Owners of older-model automobiles that lack on-board connectivity to web-enabled roadside  assistance and other services featured in many newer vehicles will soon be able to access such services through a new connected  car service to be launched by Verizon Communications. The new service, to be known as “Verizon  Vehicle,” was announced at the Detroit Auto Show on Tuesday and will be targeted to more than 9,000  makes and models of cars and trucks sold in the U.S. since 1996. Verizon Vehicle will reportedly be  marketed through Verizon Telematics, a division of Verizon Communications that evolved from  Verizon’s acquisition of Hughes Telematics in 2012.

Proclaiming that Verizon Vehicle will “revolutionize the driving experience,” Verizon Telematics  President Erik Goldman told reporters that the service will offer drivers of older-model vehicles  (1) GPS-directed roadside assistance, (2) accident notification capabilities, (3) push-button  access to A.S.E.-certified mechanics and customer care agents, (4) maintenance alerts, and (5)  advanced diagnostics that can “provide early warnings relating to some vehicle functions, even  before a warning light comes on.” Verizon Vehicle also provides discounts on hotels, auto repair  and vehicle rentals and enables users to locate lost or stolen vehicles through the use of a smart  phone app.

Verizon is expected to market the service in April at a monthly subscription rate of $14.99 that  covers a diagnostic code reader to be installed under the vehicle dashboard and a speakerphone that  clips to the visor.

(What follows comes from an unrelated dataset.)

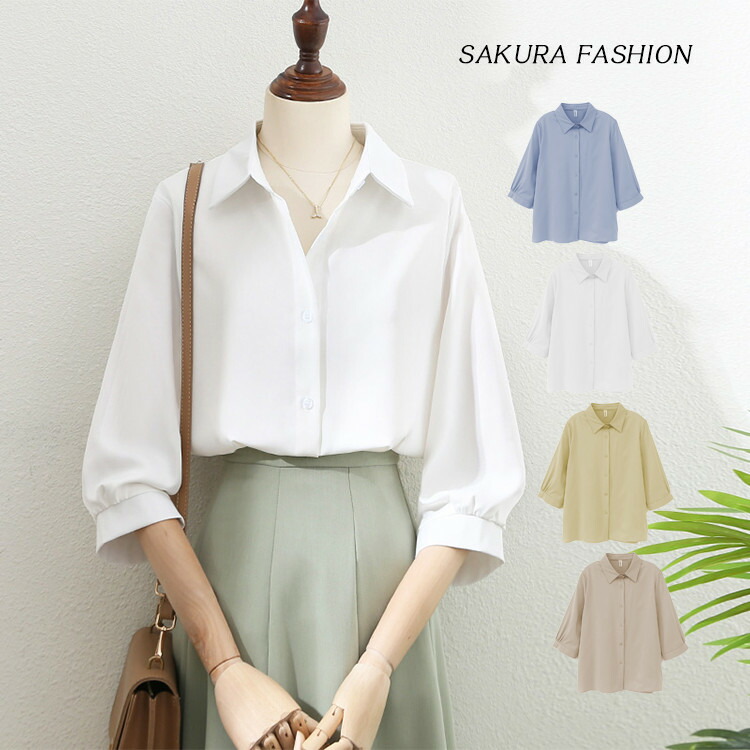 ブラウス レディース オフィス 白 フォーマル 七分袖 五分袖 ホワイト イエロー 杏色 ブルーレディースファッション トップス シャツ ブラウス

Sources say Verizon Vehicle responds to current trends in the U.S. automotive  marketplace in which recent polls demonstrate that a majority of U.S. drivers are willing to add as  much as $1,499 to the cost of new vehicles for web-connected safety, entertainment, geolocation and  other options. Statistics issued by research firm IHS Automotive project that the number of  Internet- connected cars worldwide will surge from 36 million today to more than 152 million by  2020. Observing, “there’s a very large, unserved market that we thought would benefit greatly from  the features and functions you can offer through connectivity,” Verizon Telematics CEO Jeff Leddy  explained in an interview:  “we want to bring to the masses the same level of connectivity you can get in a new car.”